Aim of the exercise = Transcribe every entry exactly; the images stay out.

____________________

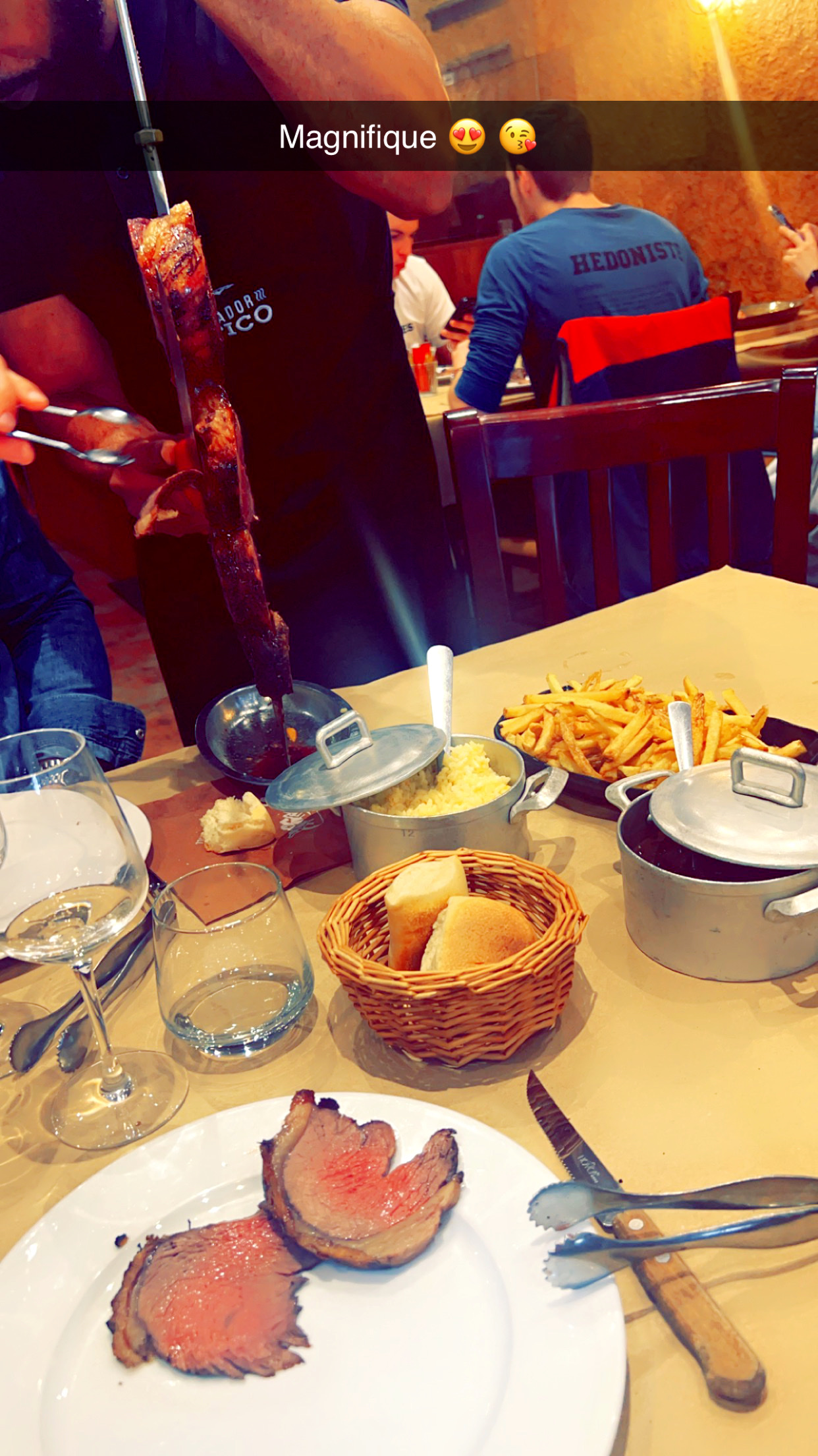 Je ne comprends pas du tout l'engouement pour ce restaurant... concernant la cuisine, les cuissons demandées ne sont pas respectées. Je demande bien cuit, on me ramène de la viande saignante (par deux fois). J'ai fini par lâcher l'affaire. La viande est super salée, j'en ai eu des aphtes. Le riz et les haricots ça va, mais les frites l'horreur... à peine cuites. Rien de pire pour plomber la digestion. Niveau service à part un serveur, tous les autres tirent la tronche. Le système de service à table est sympa, mais il y a du gras absolument partout au point de ne pas pouvoir poser les coudes sur la table. Je vous déconseille de venir avec des vêtements clairs auxquels vous tenez. L'ambiance cantine et resto d'autoroute, pas ouf du tout. Et tout ça pour une facture aussi salée que la viande. Pas glop. Bien entendu, si la seule chose qu'on attend d'un restaurant c'est d'être servi à volonté, comme c'est la mode en ce moment, ça ne m'étonne pas que des gens notent bien.
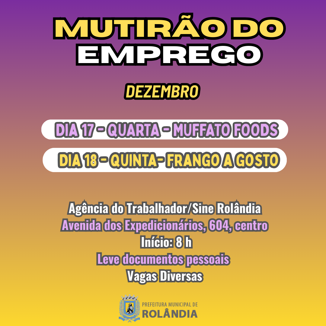 Mutirão do Emprego! Venha participar! Traga documentos pessoais!...
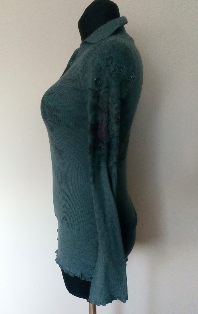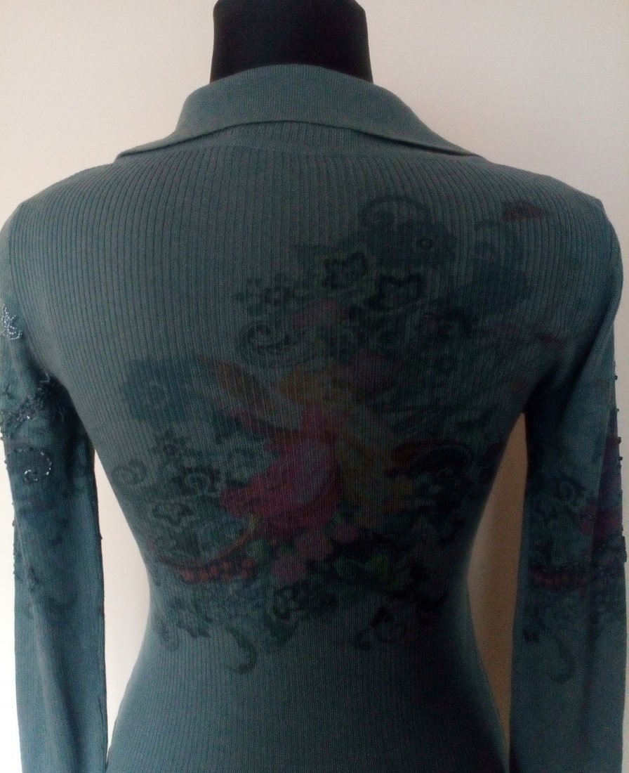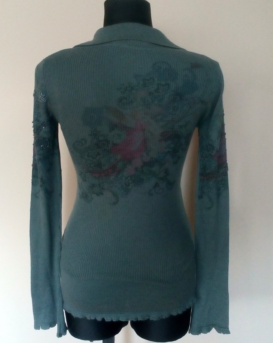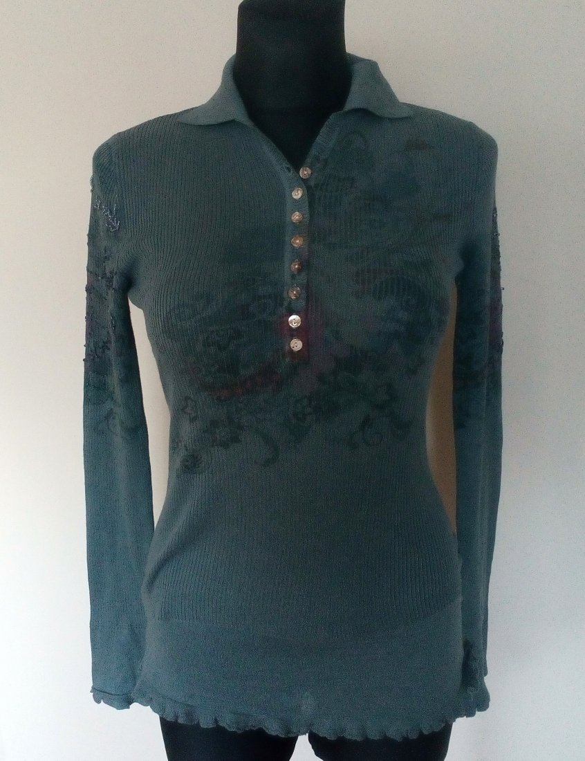 Dzianinowa bluzka, podwójna - od spodu doszyty gładki top wystający spod górnej bluzki, dół topu z falbanką, wierzchnia bluzka z dzianiny prążkowanej, z kołnierzykiem, zapinana od góry na małe guziki, bluzka zdobiona stonowanym nadrukiem, rękawy na przedramieniu dodatkowo ozdobione drobnymi makaronikami, dół rękawów leciutko rozszerzany z falbanką jak u dołu topu, kolor bazowy - zielony khaki
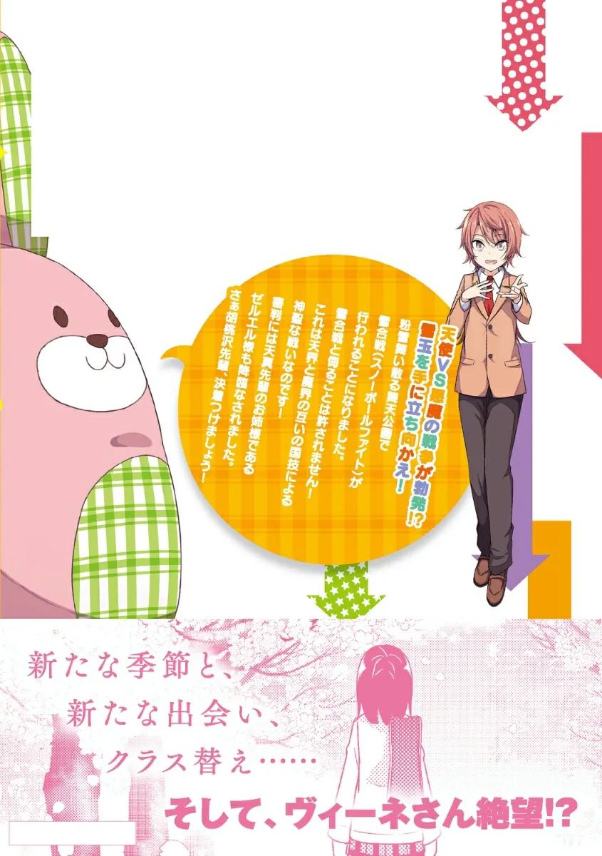 Война между ангелами и демонами наконец-то разразилась! Настало время определить победителя в снежной битве (национальном виде спорта Рая и Ада) в парке Мейтен, где падает пушистый снег. С Зеруэлем, спустившимся с Небес в качестве судьи, терпение Габриэля в замерзшем парке на пределе! В 13-м томе этой нелепой комедии об ангельской школе также появляется новый персонаж-ангел!
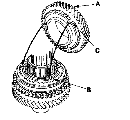 10. Install 2nd gear (A) by aligning the synchro cone fingers (B) with the 2nd gear grooves (C).
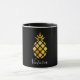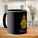Un ananas tropical moderne couleur faux or. Elégante couleur noire arrière - plan. Script et modèle de style à lettres blanches pour votre nom ou texte.
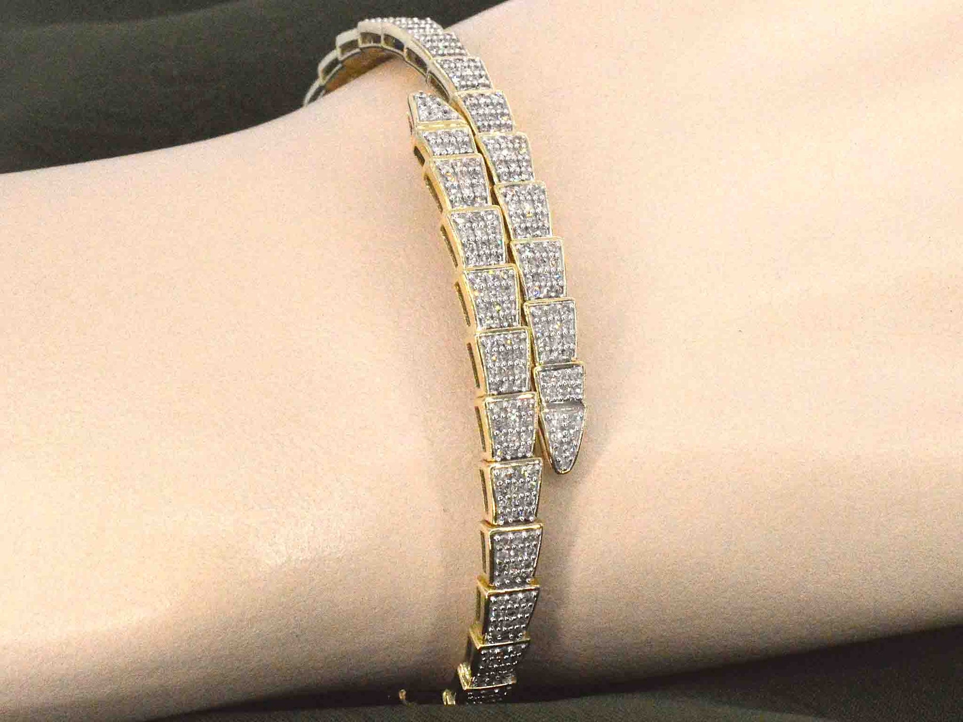 Geelgouden armband van slangen model met natuurlijke diamanten
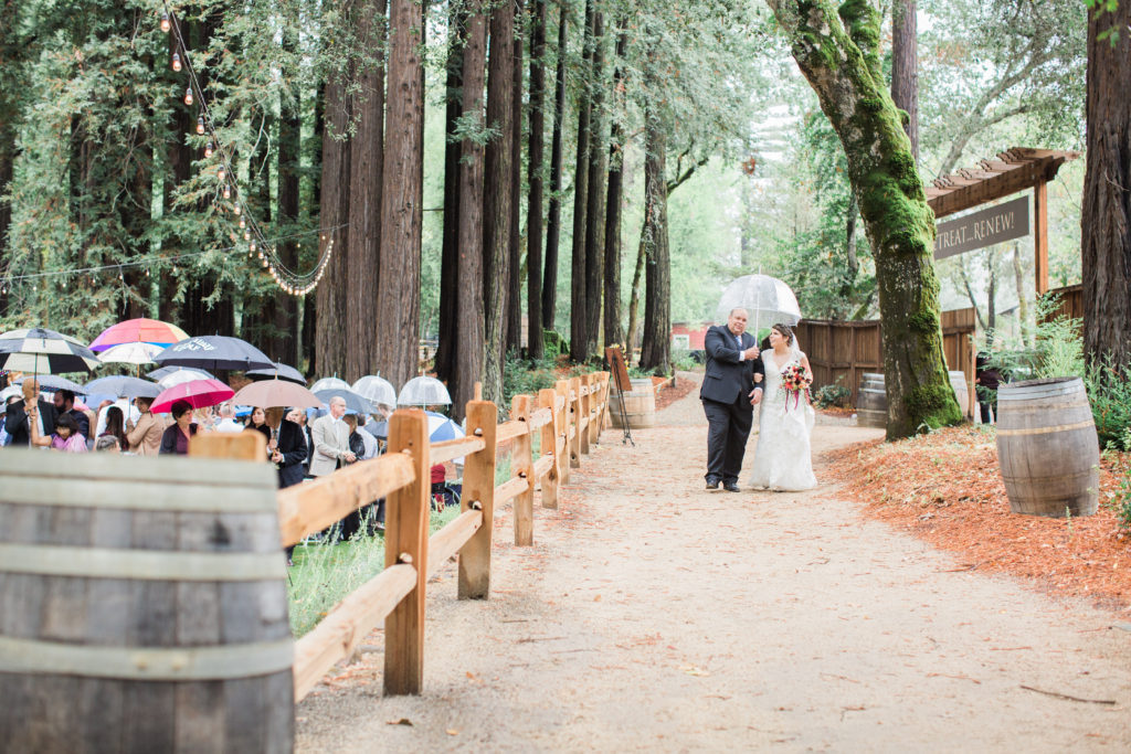 Shelly and Jonathan Higgins planned a romantic, intimate celebration in an outdoor setting, but Mother Nature had other plans. “The ceremony was in the rain—which actually made this wedding even more romantic,” recalled family friend and wedding photographer Angela Mannino of Angela Sue Photography. “It provided such a gorgeous backdrop for photos, too! With the fog rolling in over the hills above the vineyards, there was no way we were going to get any bad photos.”
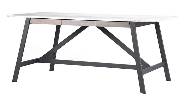 Consider the Task dining table from Jottergoods in volakas foil-coated marble top and white ash wood in Hellgrau stain.
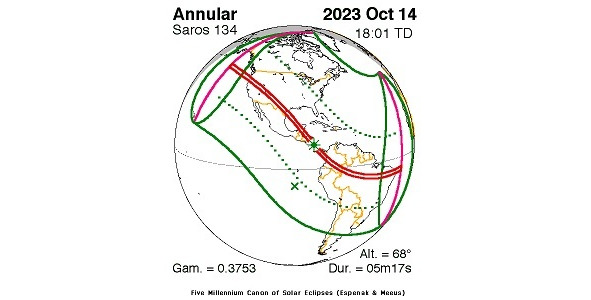 Зона наблюдения: кольцеобразное солнечное затмение пересечет Северную, Центральную и Южную Америку. Это затмение увидят миллионы людей в Западном полушарии.

____________________

Answer space =
 Je ne comprends pas du tout l'engouement pour ce restaurant... concernant la cuisine, les cuissons demandées ne sont pas respectées. Je demande bien cuit, on me ramène de la viande saignante (par deux fois). J'ai fini par lâcher l'affaire. La viande est super salée, j'en ai eu des aphtes. Le riz et les haricots ça va, mais les frites l'horreur... à peine cuites. Rien de pire pour plomber la digestion. Niveau service à part un serveur, tous les autres tirent la tronche. Le système de service à table est sympa, mais il y a du gras absolument partout au point de ne pas pouvoir poser les coudes sur la table. Je vous déconseille de venir avec des vêtements clairs auxquels vous tenez. L'ambiance cantine et resto d'autoroute, pas ouf du tout. Et tout ça pour une facture aussi salée que la viande. Pas glop. Bien entendu, si la seule chose qu'on attend d'un restaurant c'est d'être servi à volonté, comme c'est la mode en ce moment, ça ne m'étonne pas que des gens notent bien.
 Mutirão do Emprego! Venha participar! Traga documentos pessoais!...
 Dzianinowa bluzka, podwójna - od spodu doszyty gładki top wystający spod górnej bluzki, dół topu z falbanką, wierzchnia bluzka z dzianiny prążkowanej, z kołnierzykiem, zapinana od góry na małe guziki, bluzka zdobiona stonowanym nadrukiem, rękawy na przedramieniu dodatkowo ozdobione drobnymi makaronikami, dół rękawów leciutko rozszerzany z falbanką jak u dołu topu, kolor bazowy - zielony khaki
 Война между ангелами и демонами наконец-то разразилась! Настало время определить победителя в снежной битве (национальном виде спорта Рая и Ада) в парке Мейтен, где падает пушистый снег. С Зеруэлем, спустившимся с Небес в качестве судьи, терпение Габриэля в замерзшем парке на пределе! В 13-м томе этой нелепой комедии об ангельской школе также появляется новый персонаж-ангел!
 10. Install 2nd gear (A) by aligning the synchro cone fingers (B) with the 2nd gear grooves (C).
Un ananas tropical moderne couleur faux or. Elégante couleur noire arrière - plan. Script et modèle de style à lettres blanches pour votre nom ou texte.
 Geelgouden armband van slangen model met natuurlijke diamanten
 Shelly and Jonathan Higgins planned a romantic, intimate celebration in an outdoor setting, but Mother Nature had other plans. “The ceremony was in the rain—which actually made this wedding even more romantic,” recalled family friend and wedding photographer Angela Mannino of Angela Sue Photography. “It provided such a gorgeous backdrop for photos, too! With the fog rolling in over the hills above the vineyards, there was no way we were going to get any bad photos.”
 Consider the Task dining table from Jottergoods in volakas foil-coated marble top and white ash wood in Hellgrau stain.
 Зона наблюдения: кольцеобразное солнечное затмение пересечет Северную, Центральную и Южную Америку. Это затмение увидят миллионы людей в Западном полушарии.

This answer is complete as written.